Strengths and limitations

Our well-characterized, large sample of older adults with many years of follow up is a strength of our study. However, the characteristics of our sample limit the generalizability of our findings. The cohort is typical of a volunteer sample. Participants were highly educated and cognitively and socially engaged, which is likely different from the general population. Additionally, the sample was mostly female and Caucasian. It is imperative that future research in this area is inclusive of the populations that we serve, and that are particularly affected by these issues. As we used cohort data for these analyses, we cannot rule out reverse causality. Additionally, while missing data is common in longitudinal studies, none of our participants were missing frailty index data and only 237 of our participants were missing baseline loneliness data, and results were unchanged when including these participants in the analyses. Most participants were married or widowed. It is possible the unmarried group was underpowered to detect changes in frailty predicted by loneliness. Our study has many strengths that lend confidence in our findings. The study uniquely enjoys high follow up participation, which reduces attrition-related bias. Additionally, we used a well-validated frailty tool to capture the multi-dimensionality of frailty and avoid underestimation of frailty in the sample. The frailty index, as a continuous measure, also increases statistical power to identify associations. Additionally, associations persisted even after controlling for several potentially confounding variables, including objective and subjective measures of social connection.

Implications

Our findings add to the literature on longitudinal associations of loneliness and frailty with up to 20 years of follow up. We showed that frailty increased over time and that baseline loneliness predicted frailty progression. Our study responds to calls from the US Surgeon General to prioritize research on social isolation and loneliness with this study on loneliness and frailty and the inclusion of structural and functional aspects of social relationships in this analysis to understand the relationship between loneliness and frailty on a broader level (7). Our results highlight loneliness as a health imperative associated with accelerated frailty and should thus be acknowledged and addressed by healthcare providers, much like any other health condition. The provider can leverage the therapeutic relationship to acknowledge the negative experience of loneliness, educate the patient on the importance of addressing loneliness for their physical health, address reversible causes (e.g., sensory or mobility impairment), and connect patients with existing community resources. Our inclusion of functional and structural aspects of social relationships in this analysis, highlights loneliness as a separate construct and supports the recommendation of additional research on effective interventions for loneliness.

 

Conclusions

In a sample of 1,931 older adults without dementia at baseline, loneliness predicted frailty progression. These results emphasize the importance of psychosocial factors and frailty in aging and suggest the need for interventions and policy investment in the prevention and amelioration of loneliness to promote healthy aging and prevent frailty.

 

Acknowledgements: We thank Melissa Fazzari for her expertise on statistical analysis. We are grateful to the study participants and staff of the Rush Alzheimer’s Disease Center.

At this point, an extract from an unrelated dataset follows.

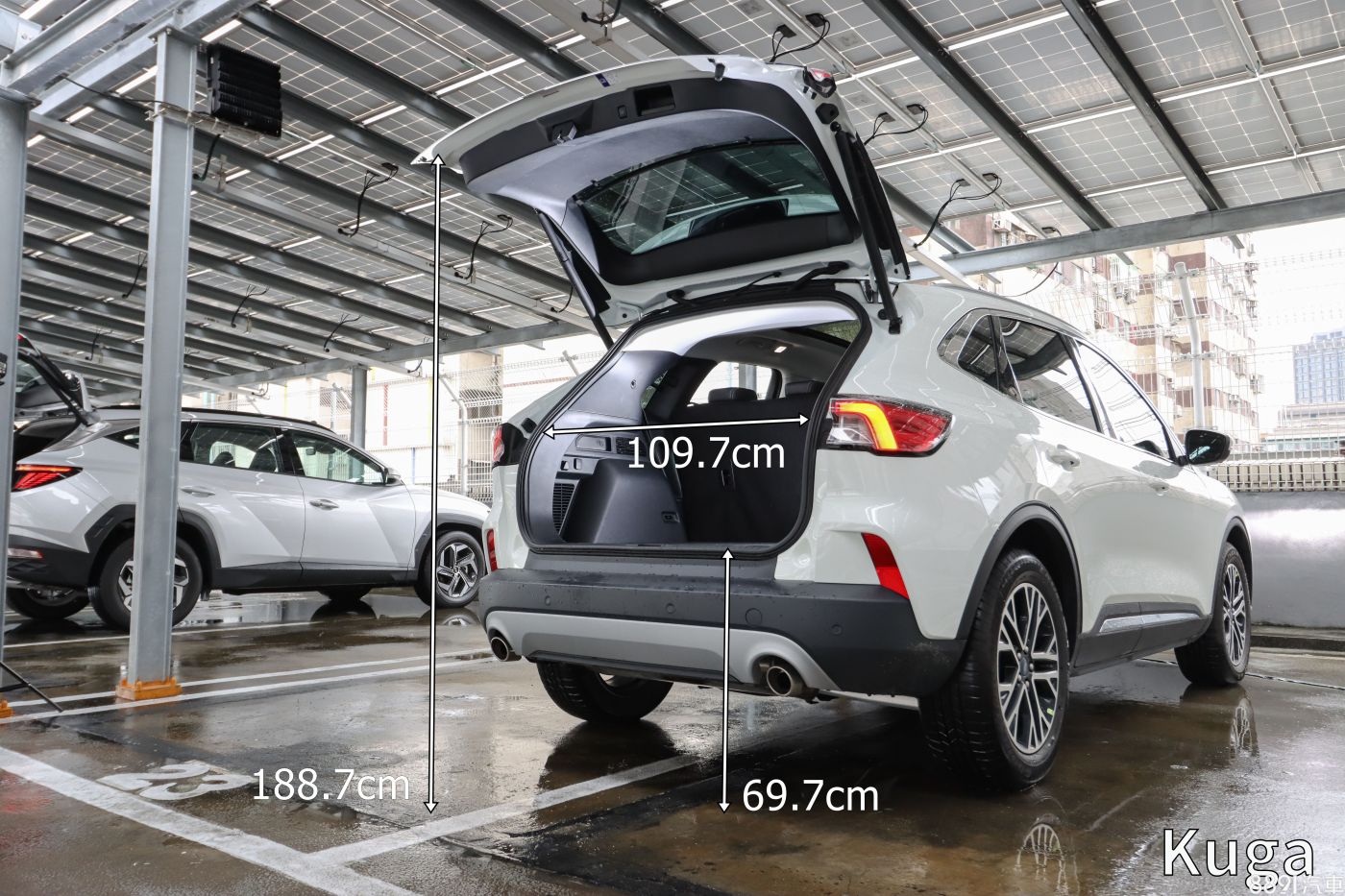 Tucson L擁有最寬的尾廂開口,CR-V則是門檻高度最低,Kuga實測數據則恰好介於兩位對手之間,此外三車都配有電動尾門,可自訂尾門開啟高度之外,Tuscon L具備靠近感應開啟、Kuga則提供腳踢感應開啟,唯獨CR-V沒有任何感應開啟功能。

Conflict of Interest: We have no conflicts of interest to declare.

Sponsor’s Role: The funders had no role in the data collection, study design, analysis, or manuscript preparation for this study.

Ethical standards: The MAP study was approved by the Rush Medical Center Institutional Review Board. Ethical approval for secondary analyses was obtained from the Albert Einstein College of Medicine Institutional Review Board. All participants provided written informed consent when enrolled in the MAP study; as this was a secondary analyses no additional consent was required.